I have this protein called STIM1, an ER calcium sensor. I am trying to run an oxidation assay on it, but I am only just beginning to tweak the protocol. This protein comes with 5-6 sulfur containing amino acid residues, and 600-700 total amino acids.
The sulfur residues exist at various states of oxidation, and so by using various alkylation-labeling and biotin methods, I aim to be able to measure oxidation of this protein under different conditions.
I am doing the following:
1a. Lysing Jurkat cells in the presence of iodoacetamide.
1b. Lysing another set of Jurkat cells in the absence of iodoacetamide.
The problem: Even when referenced to actin, there is a HUGE difference in antibody detection between these two lysis conditions.
I have tried three different polyclonal antibodies to 3 different epitopes (c-terminus, a residue near the middle, and the n-terminus) and each gives identical results.
Any ideas why?
(Rest of the protocol:)
2. Sonicating, spinning down to transfer the supernatant, then running 20ug of lysate mixed with Laemmlis buffer on a 10% SDS-PAGE gel, followed by wet transfer, and room transfer blocking, and incubating the primary overnight.
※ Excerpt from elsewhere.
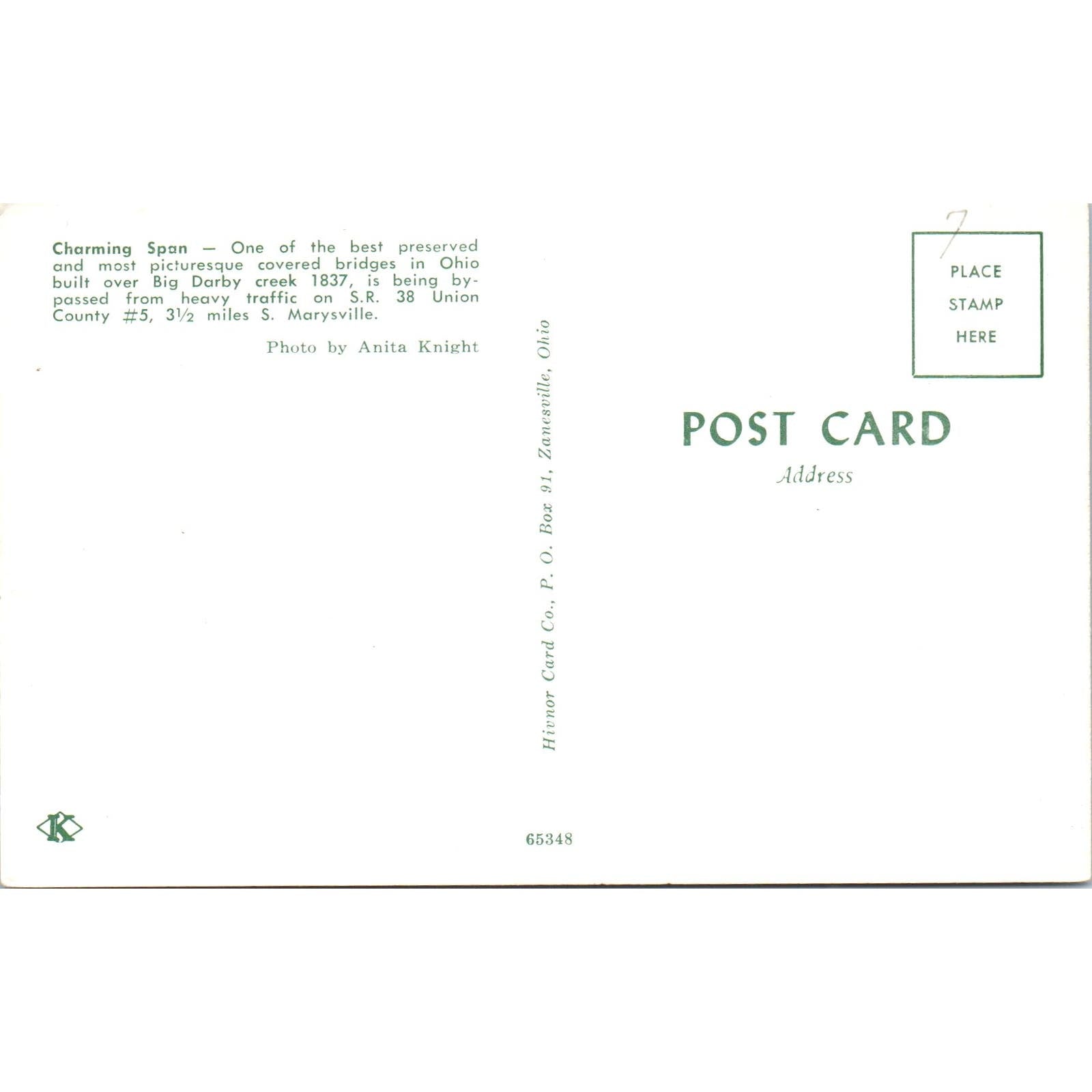 Big Ohio Creek Bridge Marysville OH Vintage Covered Bridge Postcard PD6
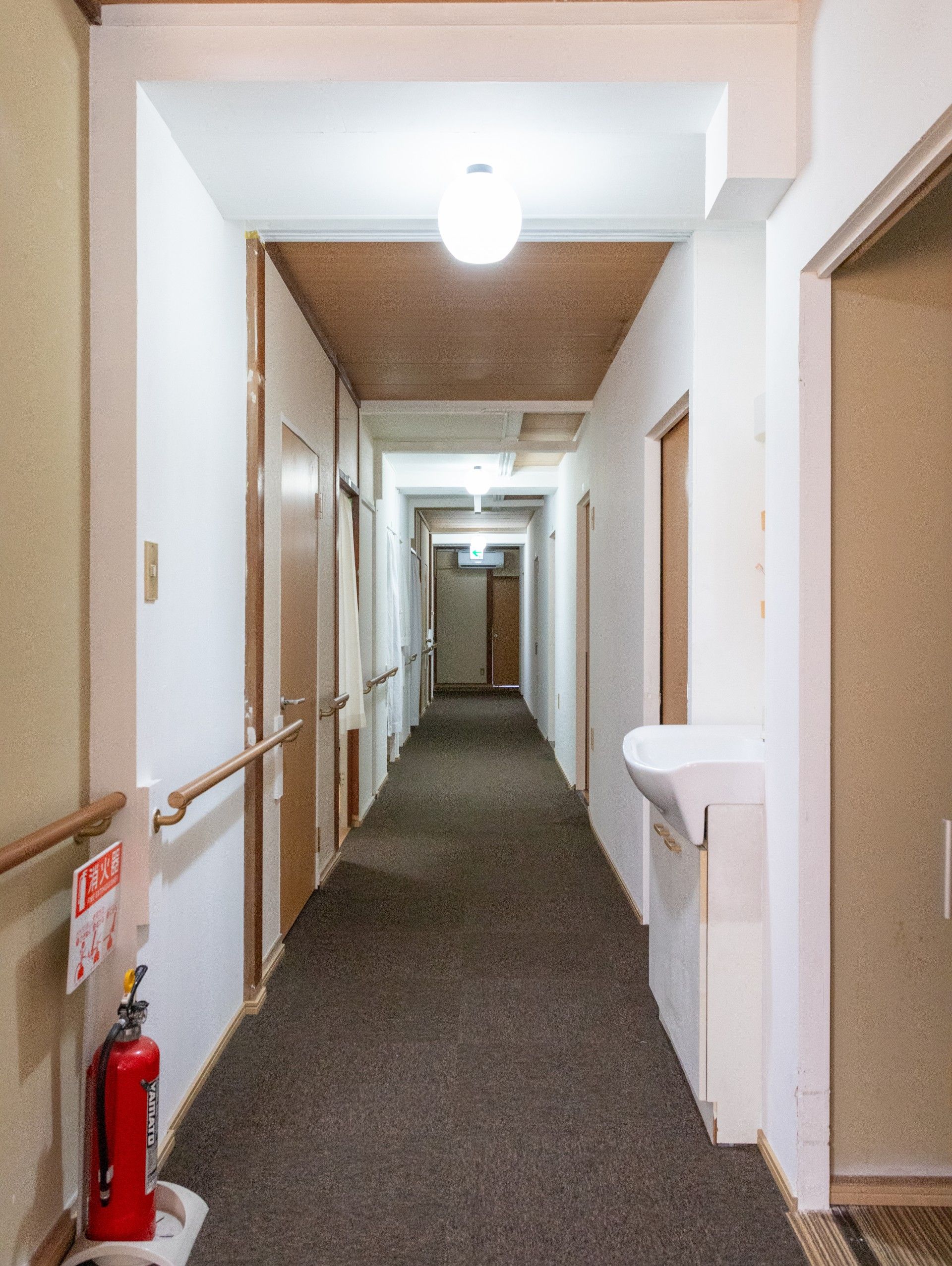 手すりが設置された廊下は、安全に移動できるよう配慮されています。

I then do 3x TBST washes, do secondary in blocking buffer for 1 hour at room temperature, then do 2x TBST washes, and 1x TBS wash.
I'm imaging with a Licor Odyssey system, and my blocking buffer is a proprietary Licor buffer. It works for everything else.
My lysis buffer contains NP-40, glycerol, Tris, as well as aprotinin, leupeptin, pepstatin, and microcystin added immediately prior to lysis.
Edited by litrallis, 30 June 2014 - 09:59 AM.